Chef Potato's body has a cylinder in the middle and two half spheres that make up his bottom and head. He has the two dimensional shape measurements as follows: 20 cm in total length, 5 cm between the end of the cylinder and the top of the top sphere.
1.) Reduce Chef Potato by a scale factor of 0.5
2.) Chef Potato needs to be converted from a two dimensional shape to a three dimensional object and then enlarged to 300% of his original size. The three dimensional chef potato is similar in shape to a capsule made of a half sphere at the top, and a half sphere at the bottom and a cylinder in between.
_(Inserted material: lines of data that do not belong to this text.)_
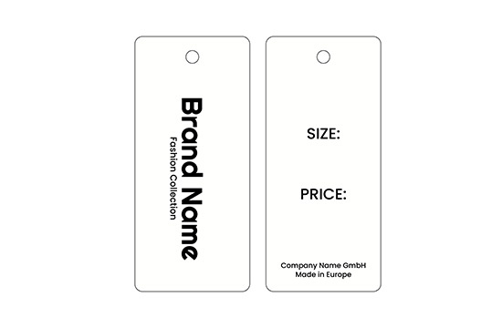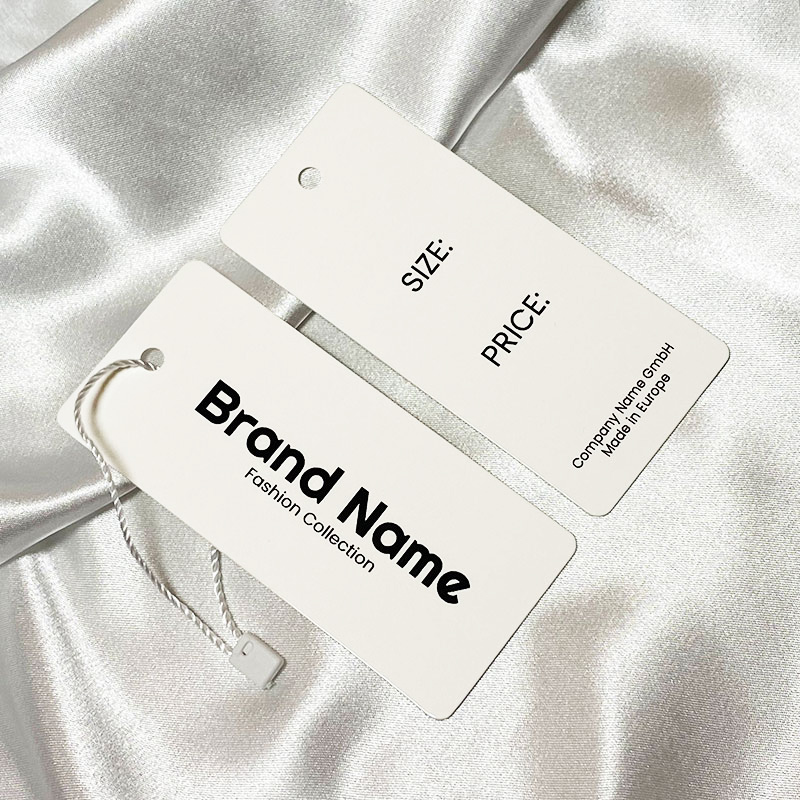 Eticheta din carton cu snur de agatat pe haine sau diverse accesorii vestimentare, personalizata cu denumirea brandului sau logo, dar si alte informatii ale produsului, cu imprimare pe ambele laturi. Acest model de eticheta este fabricat din materiale de inalta calitate, utilizand cele mai avansate tehnologii in domeniul tiparului Digital si finisare.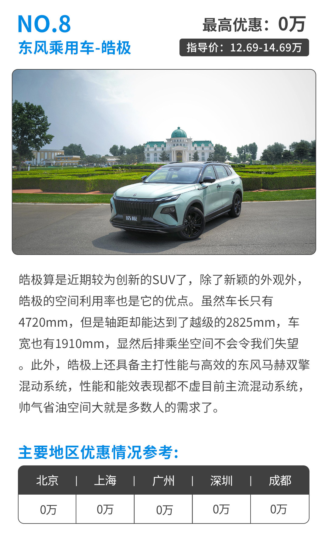 来到紧凑型SUV的定位里,国产SUV车型的性价比优势要更加明显,越来越均衡的综合表现更是让不少消费者为其买单,如今SUV销量榜单上的前五基本都是自主品牌的车型,足以见得国产车型的受欢迎程度。如果不想左挑右选,那就无脑买台国产车型吧,毕竟性价比都不会差到哪里去。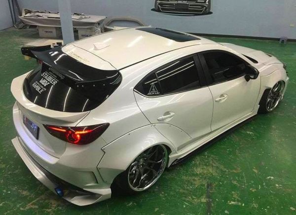Nagynevű japán tuningcégek (Liberty Walk, Rocket Bunny) vadítanak meg legendás autókat olyan stílusban, ahogy a tajvani JGTC műhely nyúlt a nagyon is hétköznapi Mazda3-ashoz. Végre valaki, aki az egyébként is sportos gyári megjelenést elvitte a végsőkig!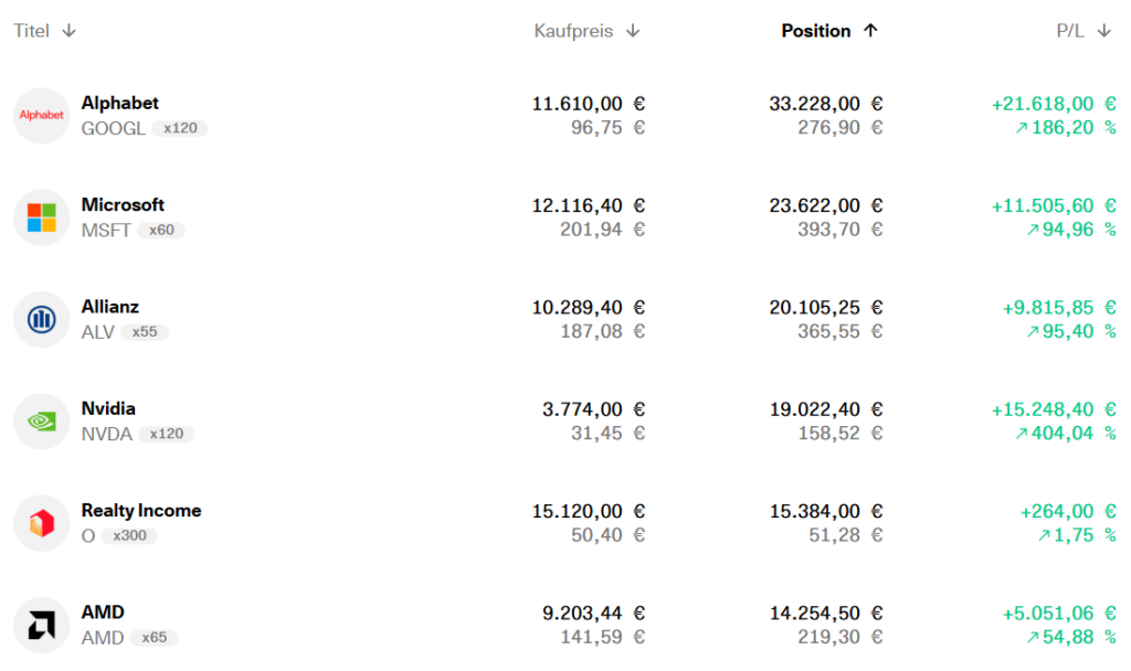 Die oben aufgeführten Aktien sind aktuell. Ehemalige Unternehmen aus meinem Depot und deren Dividenden sind hier nicht aufgeführt.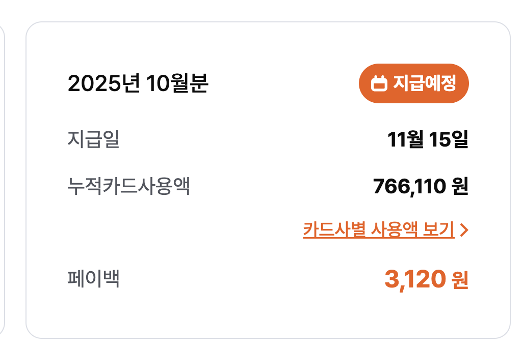 작년 9~11월에 돈을 꽤 많이 써서 그런지, 올해 상생페이백 받기가 어렵다. 9월엔 못 받았고, 10월에는 작년보다 조금 더 써서 3천원이 환급된다. 11월은 더 쓸 것 같아서 잘하면 10만원까지 환급받을 수 있을 듯? ㅎㅎ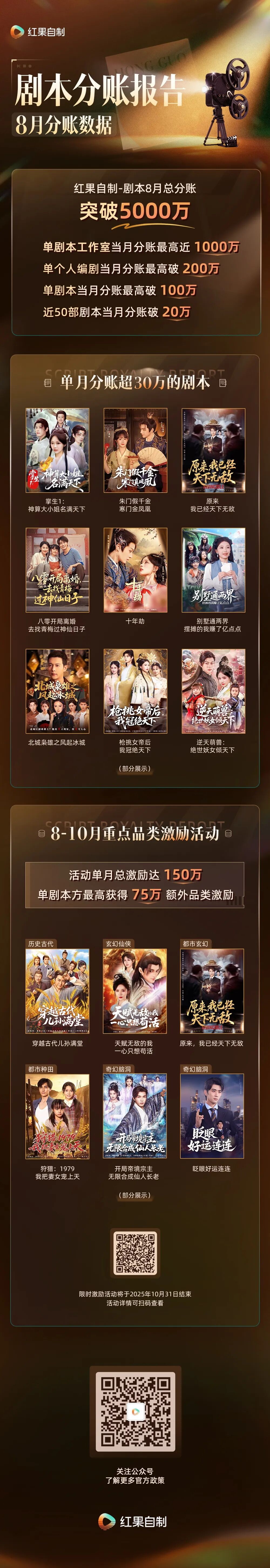 也就是说,参与红果自制剧剧本创作的编剧们(以个人或工作室为单位),8月份一共拿到了5000多万。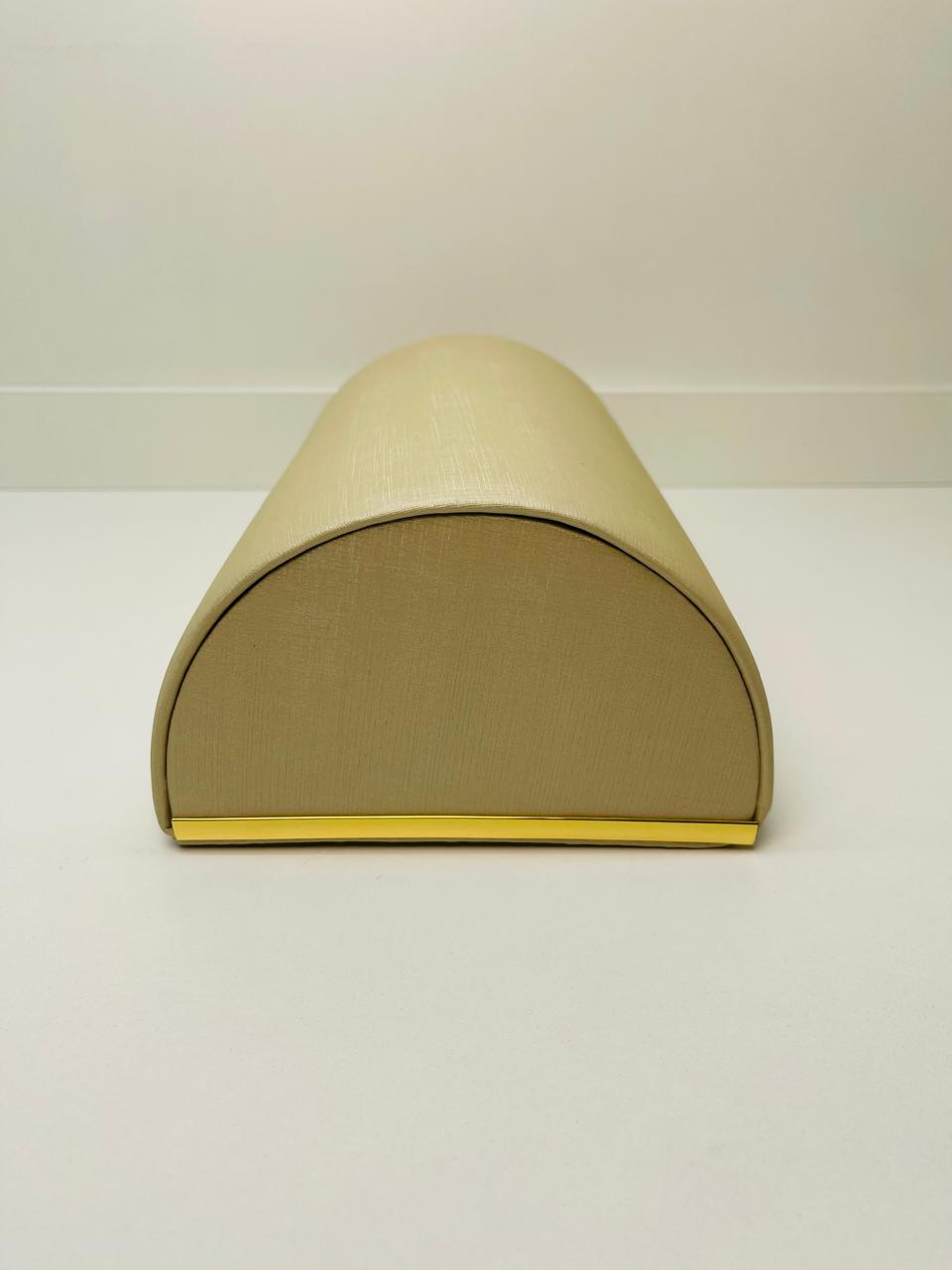EXPOSITOR MEIA LUA PÉROLA COM FRISO ( METAL EM DOURADO)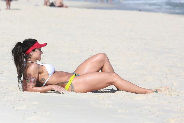 Ex-BBB se bronzeou na Barra da Tijuca nesta quarta-feira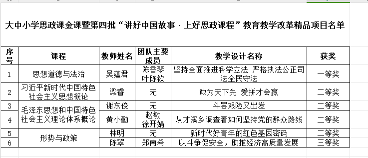 喜讯:近日,澳门网投官网获得大中小学思政课金课暨第四批“讲好中国故事·上好思政课程”教育教学改革精品项目一等奖一项,二等奖四项,三等奖一项。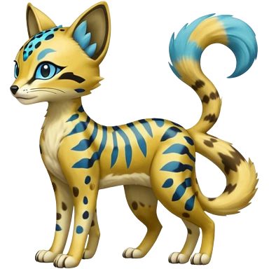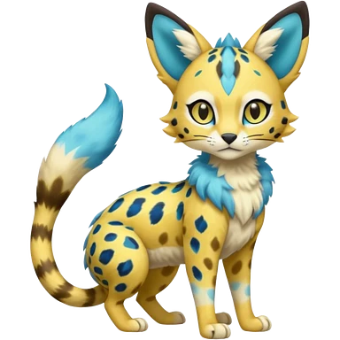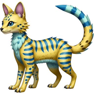 Colorful Golden Gold Shiny Lombax-Sergal-Vernid-Serval-Civet-Genet-Pokémon-Digimon-Fakémon-fusion-hybrid-creature with Cyan stripes and blue leopard-spot-markings emoji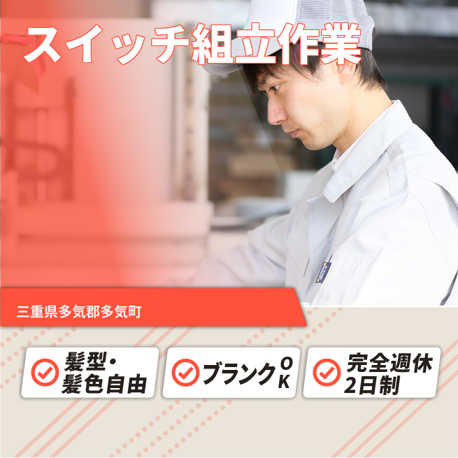 - 車載用スイッチ(エンジンスターター)の組立から検査までの一連の作業

A.Determine the surface area of the enlarged three dimensional chef potato and the scale factor
B.Determine the volume of the enlarged three dimensional chef potato
so, what in my previous response made it impossible for you to resolve the issues this time? What is still unclear? What have you tried so far?
To solve these questions, we need to apply some geometry formulas for finding the surface area and volume of various shapes.
1.) Reduce Chef Potato by a scale factor of 0.5:
If we reduce Chef Potato by a scale factor of 0.5, it means that all dimensions of Chef Potato will be halved.
Given measurements:
Total length = 20 cm
Distance between end of the cylinder and top of top sphere = 5 cm
To calculate the new measurements after reducing by a scale factor of 0.5:
Total length_reduced = Total length * Scale factor = 20 cm * 0.5 = 10 cm
Distance_reduced = Distance * Scale factor = 5 cm * 0.5 = 2.5 cm
So, the reduced Chef Potato has:
Total length_reduced = 10 cm
Distance between the end of the cylinder and the top of the top sphere_reduced = 2.5 cm
2.) Convert Chef Potato from 2D to 3D and enlarge it to 300% of its original size:
To calculate the surface area and volume of the enlarged three-dimensional Chef Potato, we need to calculate the dimensions of the shapes involved.
Given measurements for the original Chef Potato:
Total length = 20 cm
Distance between the end of the cylinder and the top of the top sphere = 5 cm
To convert to a capsule shape, we need to calculate the dimensions of the half spheres and the cylinder.
Radius of the top and bottom half spheres = Distance between the end of the cylinder and the top of the top sphere = 5 cm
Diameter of the top and bottom half spheres = 2 * Radius = 2 * 5 cm = 10 cm
Height of the cylinder = Total length - 2 * Radius = 20 cm - 2 * 5 cm = 10 cm
Enlarging the Chef Potato by 300% means multiplying all dimensions by 3.
Dimensions of the enlarged Chef Potato:
Diameter of the top and bottom half spheres_enlarged = Diameter of the top and bottom half spheres_original * Scale factor = 10 cm * 3 = 30 cm
Radius of the top and bottom half spheres_enlarged = Diameter_enlarged / 2 = 30 cm / 2 = 15 cm
Height of the cylinder_enlarged = Height of the cylinder_original * Scale factor = 10 cm * 3 = 30 cm
Scale factor = 3
A.) Determine the surface area of the enlarged three-dimensional Chef Potato:
The surface area of the enlarged Chef Potato can be calculated by summing the surface areas of the half spheres and the cylinder.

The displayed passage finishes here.